== The data
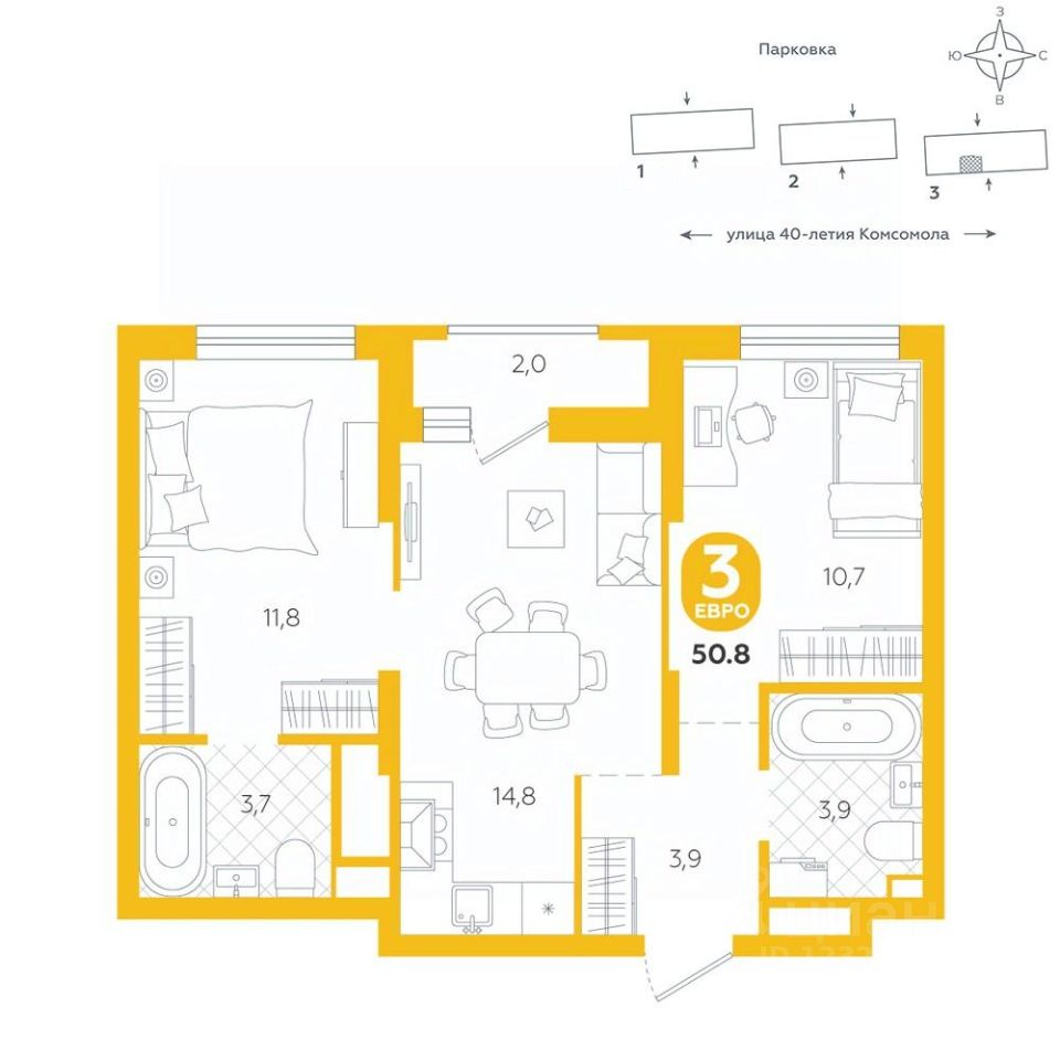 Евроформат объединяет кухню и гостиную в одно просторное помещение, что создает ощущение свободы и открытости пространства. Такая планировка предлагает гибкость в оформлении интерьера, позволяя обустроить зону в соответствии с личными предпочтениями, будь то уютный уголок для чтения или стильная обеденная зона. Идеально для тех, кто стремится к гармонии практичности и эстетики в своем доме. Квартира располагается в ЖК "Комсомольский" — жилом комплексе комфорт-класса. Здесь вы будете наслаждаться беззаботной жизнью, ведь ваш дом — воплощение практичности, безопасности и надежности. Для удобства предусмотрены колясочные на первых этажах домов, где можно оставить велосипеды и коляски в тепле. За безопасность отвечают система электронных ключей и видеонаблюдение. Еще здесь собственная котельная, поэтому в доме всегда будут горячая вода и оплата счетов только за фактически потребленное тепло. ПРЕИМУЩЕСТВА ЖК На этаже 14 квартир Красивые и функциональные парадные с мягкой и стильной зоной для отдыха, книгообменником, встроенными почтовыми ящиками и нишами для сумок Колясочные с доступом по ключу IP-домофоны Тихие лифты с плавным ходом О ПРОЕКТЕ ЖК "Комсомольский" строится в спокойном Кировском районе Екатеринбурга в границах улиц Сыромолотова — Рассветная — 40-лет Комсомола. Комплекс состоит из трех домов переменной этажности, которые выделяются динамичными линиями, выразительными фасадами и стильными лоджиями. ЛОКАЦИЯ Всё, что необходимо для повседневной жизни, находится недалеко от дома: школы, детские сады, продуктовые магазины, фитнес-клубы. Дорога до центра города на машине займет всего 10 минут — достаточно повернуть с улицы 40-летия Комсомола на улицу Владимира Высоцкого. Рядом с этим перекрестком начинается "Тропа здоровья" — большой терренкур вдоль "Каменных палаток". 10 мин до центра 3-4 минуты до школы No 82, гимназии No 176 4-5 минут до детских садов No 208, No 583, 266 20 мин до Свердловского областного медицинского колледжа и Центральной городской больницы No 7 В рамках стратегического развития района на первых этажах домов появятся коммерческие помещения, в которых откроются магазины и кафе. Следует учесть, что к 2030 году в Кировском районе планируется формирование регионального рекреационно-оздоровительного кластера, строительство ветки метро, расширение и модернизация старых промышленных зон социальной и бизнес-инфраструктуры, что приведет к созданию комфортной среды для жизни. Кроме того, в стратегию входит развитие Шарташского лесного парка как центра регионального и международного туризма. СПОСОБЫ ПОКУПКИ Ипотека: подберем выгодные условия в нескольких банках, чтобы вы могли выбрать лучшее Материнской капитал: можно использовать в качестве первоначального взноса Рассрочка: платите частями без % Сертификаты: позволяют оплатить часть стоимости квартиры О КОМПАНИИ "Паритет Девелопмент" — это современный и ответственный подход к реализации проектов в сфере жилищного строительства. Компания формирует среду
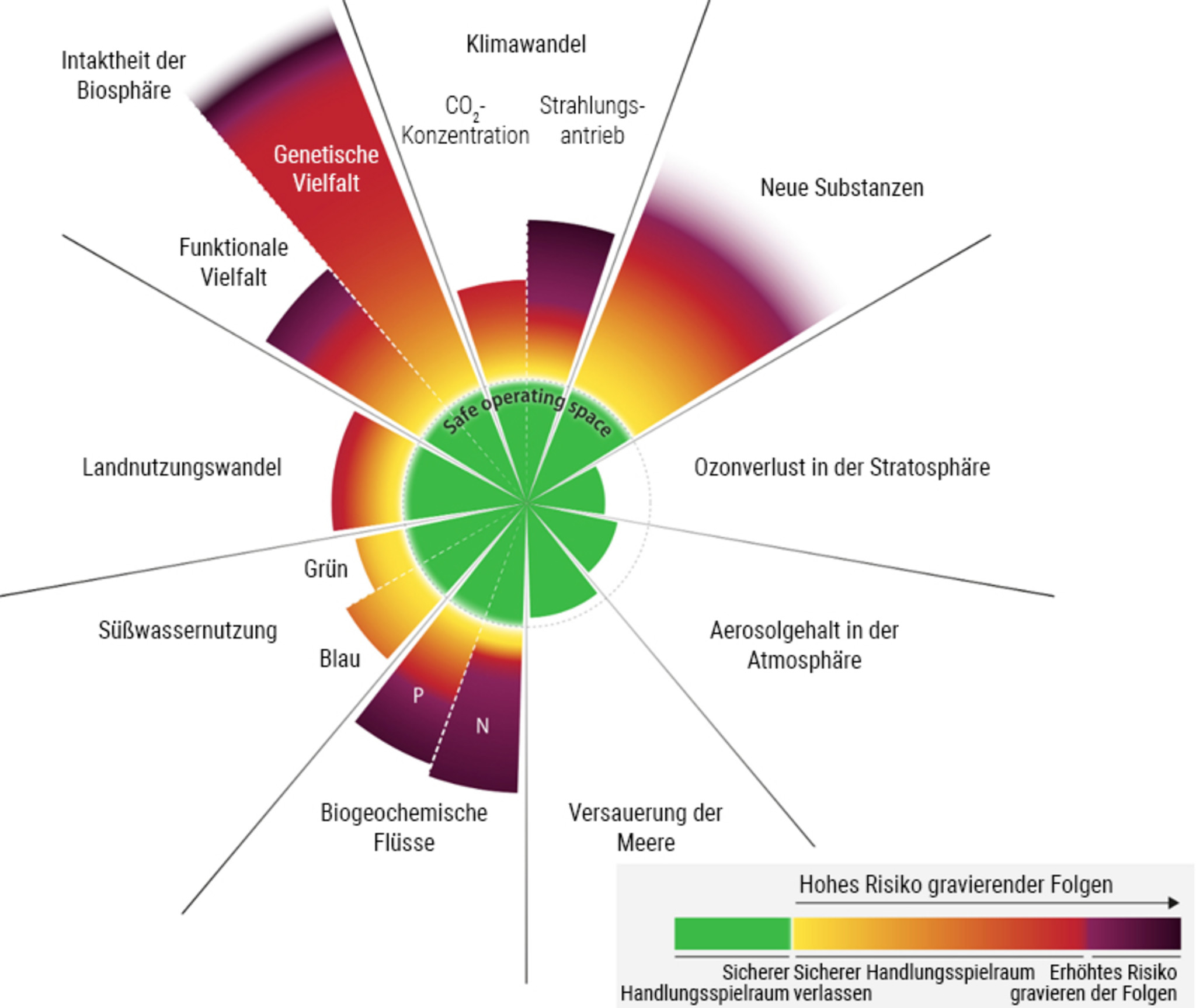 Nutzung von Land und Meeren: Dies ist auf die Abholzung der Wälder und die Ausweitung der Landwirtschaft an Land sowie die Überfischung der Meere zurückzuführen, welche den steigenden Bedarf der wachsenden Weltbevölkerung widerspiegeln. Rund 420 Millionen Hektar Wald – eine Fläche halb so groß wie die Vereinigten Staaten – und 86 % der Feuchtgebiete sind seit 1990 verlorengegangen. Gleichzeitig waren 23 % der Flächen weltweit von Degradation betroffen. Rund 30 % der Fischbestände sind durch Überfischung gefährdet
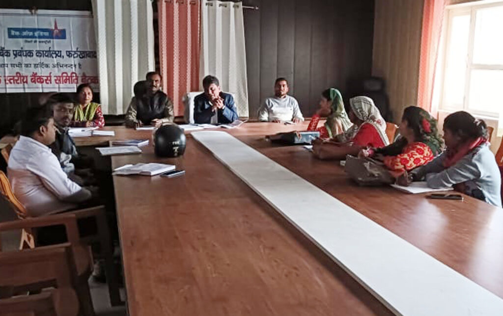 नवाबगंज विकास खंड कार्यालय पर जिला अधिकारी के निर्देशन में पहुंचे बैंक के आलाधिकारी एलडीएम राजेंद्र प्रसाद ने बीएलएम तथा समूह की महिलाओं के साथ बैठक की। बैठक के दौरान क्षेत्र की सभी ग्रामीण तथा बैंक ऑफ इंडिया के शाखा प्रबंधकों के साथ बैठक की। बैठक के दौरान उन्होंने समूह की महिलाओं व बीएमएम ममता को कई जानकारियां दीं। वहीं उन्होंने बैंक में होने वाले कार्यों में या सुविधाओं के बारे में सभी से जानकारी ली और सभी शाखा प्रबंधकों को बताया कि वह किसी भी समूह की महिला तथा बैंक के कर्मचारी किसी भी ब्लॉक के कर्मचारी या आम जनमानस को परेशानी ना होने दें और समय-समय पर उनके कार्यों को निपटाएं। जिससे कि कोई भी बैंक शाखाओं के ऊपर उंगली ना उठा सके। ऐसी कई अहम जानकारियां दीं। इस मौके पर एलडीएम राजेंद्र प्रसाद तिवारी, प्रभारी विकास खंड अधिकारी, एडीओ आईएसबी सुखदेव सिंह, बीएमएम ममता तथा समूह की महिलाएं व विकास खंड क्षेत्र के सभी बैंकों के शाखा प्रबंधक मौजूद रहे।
====
* _Task prompt_: Without changing a single word, set down all of the material again and leave out its pictures.

* _Task response_:
 Евроформат объединяет кухню и гостиную в одно просторное помещение, что создает ощущение свободы и открытости пространства. Такая планировка предлагает гибкость в оформлении интерьера, позволяя обустроить зону в соответствии с личными предпочтениями, будь то уютный уголок для чтения или стильная обеденная зона. Идеально для тех, кто стремится к гармонии практичности и эстетики в своем доме. Квартира располагается в ЖК "Комсомольский" — жилом комплексе комфорт-класса. Здесь вы будете наслаждаться беззаботной жизнью, ведь ваш дом — воплощение практичности, безопасности и надежности. Для удобства предусмотрены колясочные на первых этажах домов, где можно оставить велосипеды и коляски в тепле. За безопасность отвечают система электронных ключей и видеонаблюдение. Еще здесь собственная котельная, поэтому в доме всегда будут горячая вода и оплата счетов только за фактически потребленное тепло. ПРЕИМУЩЕСТВА ЖК На этаже 14 квартир Красивые и функциональные парадные с мягкой и стильной зоной для отдыха, книгообменником, встроенными почтовыми ящиками и нишами для сумок Колясочные с доступом по ключу IP-домофоны Тихие лифты с плавным ходом О ПРОЕКТЕ ЖК "Комсомольский" строится в спокойном Кировском районе Екатеринбурга в границах улиц Сыромолотова — Рассветная — 40-лет Комсомола. Комплекс состоит из трех домов переменной этажности, которые выделяются динамичными линиями, выразительными фасадами и стильными лоджиями. ЛОКАЦИЯ Всё, что необходимо для повседневной жизни, находится недалеко от дома: школы, детские сады, продуктовые магазины, фитнес-клубы. Дорога до центра города на машине займет всего 10 минут — достаточно повернуть с улицы 40-летия Комсомола на улицу Владимира Высоцкого. Рядом с этим перекрестком начинается "Тропа здоровья" — большой терренкур вдоль "Каменных палаток". 10 мин до центра 3-4 минуты до школы No 82, гимназии No 176 4-5 минут до детских садов No 208, No 583, 266 20 мин до Свердловского областного медицинского колледжа и Центральной городской больницы No 7 В рамках стратегического развития района на первых этажах домов появятся коммерческие помещения, в которых откроются магазины и кафе. Следует учесть, что к 2030 году в Кировском районе планируется формирование регионального рекреационно-оздоровительного кластера, строительство ветки метро, расширение и модернизация старых промышленных зон социальной и бизнес-инфраструктуры, что приведет к созданию комфортной среды для жизни. Кроме того, в стратегию входит развитие Шарташского лесного парка как центра регионального и международного туризма. СПОСОБЫ ПОКУПКИ Ипотека: подберем выгодные условия в нескольких банках, чтобы вы могли выбрать лучшее Материнской капитал: можно использовать в качестве первоначального взноса Рассрочка: платите частями без % Сертификаты: позволяют оплатить часть стоимости квартиры О КОМПАНИИ "Паритет Девелопмент" — это современный и ответственный подход к реализации проектов в сфере жилищного строительства. Компания формирует среду
 Nutzung von Land und Meeren: Dies ist auf die Abholzung der Wälder und die Ausweitung der Landwirtschaft an Land sowie die Überfischung der Meere zurückzuführen, welche den steigenden Bedarf der wachsenden Weltbevölkerung widerspiegeln. Rund 420 Millionen Hektar Wald – eine Fläche halb so groß wie die Vereinigten Staaten – und 86 % der Feuchtgebiete sind seit 1990 verlorengegangen. Gleichzeitig waren 23 % der Flächen weltweit von Degradation betroffen. Rund 30 % der Fischbestände sind durch Überfischung gefährdet
 नवाबगंज विकास खंड कार्यालय पर जिला अधिकारी के निर्देशन में पहुंचे बैंक के आलाधिकारी एलडीएम राजेंद्र प्रसाद ने बीएलएम तथा समूह की महिलाओं के साथ बैठक की। बैठक के दौरान क्षेत्र की सभी ग्रामीण तथा बैंक ऑफ इंडिया के शाखा प्रबंधकों के साथ बैठक की। बैठक के दौरान उन्होंने समूह की महिलाओं व बीएमएम ममता को कई जानकारियां दीं। वहीं उन्होंने बैंक में होने वाले कार्यों में या सुविधाओं के बारे में सभी से जानकारी ली और सभी शाखा प्रबंधकों को बताया कि वह किसी भी समूह की महिला तथा बैंक के कर्मचारी किसी भी ब्लॉक के कर्मचारी या आम जनमानस को परेशानी ना होने दें और समय-समय पर उनके कार्यों को निपटाएं। जिससे कि कोई भी बैंक शाखाओं के ऊपर उंगली ना उठा सके। ऐसी कई अहम जानकारियां दीं। इस मौके पर एलडीएम राजेंद्र प्रसाद तिवारी, प्रभारी विकास खंड अधिकारी, एडीओ आईएसबी सुखदेव सिंह, बीएमएम ममता तथा समूह की महिलाएं व विकास खंड क्षेत्र के सभी बैंकों के शाखा प्रबंधक मौजूद रहे।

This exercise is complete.